This was an in the field interview of Simon Watson and me (David Zabarte) that one of our frequent lenders conducted back in March of 2017. I just got the footage and I thought it contained some useful info for both buyers and sellers with regard to tight inventory markets like we’ve been having for the past number of years here in the San Francisco Bay Area.
We have experienced a “seller’s market” particularly in popular areas like Oakland, Berkeley, and throughout Alameda County, as well as in Orinda, Lafayette, Walnut Creek, Pleasant Hill, Concord, Martinez, and on out to the farthest end of Contra Costa County. The market out in the East Bay has had a lot of people moving into the area from other parts of the SF Bay Area, and from out of state. This isn’t something that I expect will change much in the next couple of years.
Based on the economic research done by economics from the California Association of Realtors® for 2017 (check this link out for some interesting data) we have about 50% of the inventory that we should have for the population growth we currently are experiencing based on past historical numbers.
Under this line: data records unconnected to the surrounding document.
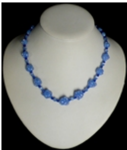
AC 023 Colliers simples Perles de Murano anciennes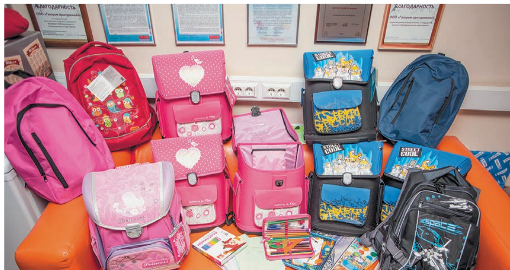
Гуманитарная помощь готова к отправке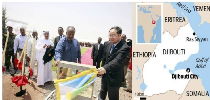
図2：ドラレ多目的港-ジブチ共和国の戦略的拠点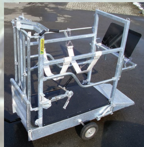
Accessoire: Installation de transport

Installation de soins pour sabots, Fond surélevé permettant travailler en position debout. Sortie au moyen d'une rampe pliable. Grille automatique réglable pour faire rentrer les animaux. Porte arrière avec fermeture automatique. Cuve à crottes synthétique intégré dans la porte. Treuil de houlage pour pattes de devant, réglable dans la hauteur et la longueur, fermeture automatique. Treuil de houlage pour pattes derrières réglable dans la hauteur et la longueur. Fond matelassé. Toute l'installation galvanisée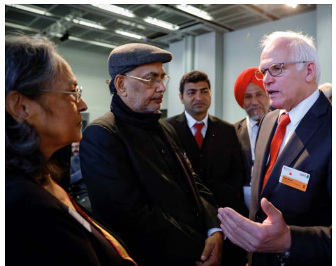
Peter Bleser, Parlamentarischer Staatssekretär im BMEL (rechts) beim Rundgang durch die Kooperationsbörse

Auf dem anschließenden Rundgang über die Kooperationsbörse kam Bleser mit den Ausstellern ins Gespräch und informierte sich aus erster Hand über deren Angebote und Projekte. Aussteller und Besucher hatten in diesem Jahr erstmals die Möglichkeit, zusätzlich auch im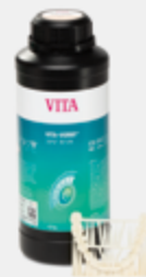
VITA VIONIC® DENT RESIN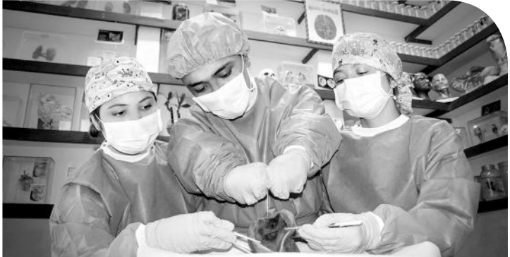
Una de las fotografías enviada para concurso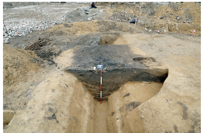
Obr. 4. Brno-Zábřovice. Pohled na profil segmentu příkopu.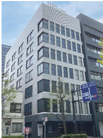
東京都千代田区神田錦町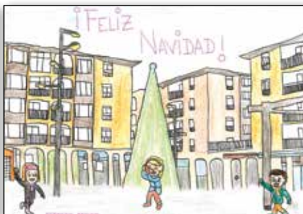
Paola Sainz-Aja González 2º ESO

DEL 1 DE DICIEMBRE DE 2025 AL 9 DE ENERO DE 2026 EXPOSICIÓN DEL CONCURSO DE POSTALES NAVIDEÑAS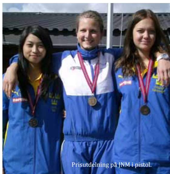
Prisutdelning på JNM i pistol.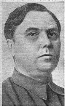
Г. М. МАЛЕНКОВ.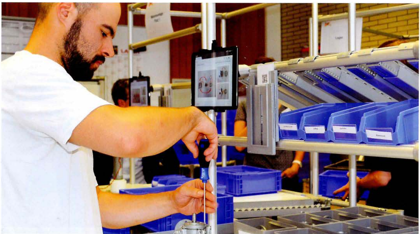
In der Modellfabrik 4.0 der HTWG wird gezeigt, wie die Möglichkeiten der Digitalisierung in der Praxis eingesetzt werden können.

Kleine und mittlere Unternehmen sind von der Digitalisierung genauso betroffen wie international agierende Konzerne. Die Hochschule Konstanz – Technik, Wirtschaft und Gestaltung (HTWG) hat das Bodenseezentrum Innovation 4.0 geschaffen. Es möchte die Firmen in der Bodenseeregion unterstützen, adäquat auf den digitalen Wandel zu reagieren.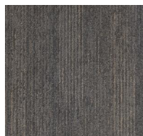
004 - Aquarius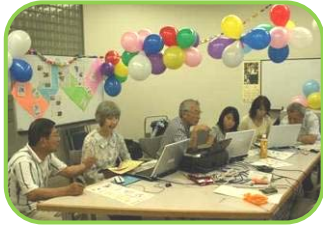
あら!暑中見舞い出来ちゃった

最近、地域での公民館活動や福祉活動の集会で「認知症サポーター養成講座」と云う言葉を耳にします。「認知症サポーター」とは、認知症をよく理解し、地域で認知症の人や家族を暖かく見守り、支援する応援者の事を云います。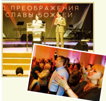
▲ 拉脱维亚里加“新时代教会”聚会

6月13日（周二），在北欧拉脱维亚的“库尔迪加教会”举行聚会（第一版面，图5）。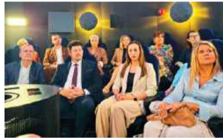
Podsumowano pierwszy rok działalności Planetarium

People who own houses have not made the decisions to move at the historical rate that they did in the past which was every 5-7 years… the current numbers are on average about every 10 years is when people have been making their moves. Inventory has been tight partly because of this factor. Factor in the low number of new units that have been built since the recession of 2008 and you can start to see why our inventory is as tight as it is.
We are all paying close attention to what is happening with regard to the possible tax changes, and the interest rate hikes, but it remains to be seen whether these will have little to no impact, or moderate to severe impact on the housing market. I’m betting that there will still be quite a bit of demand for housing in the coming year.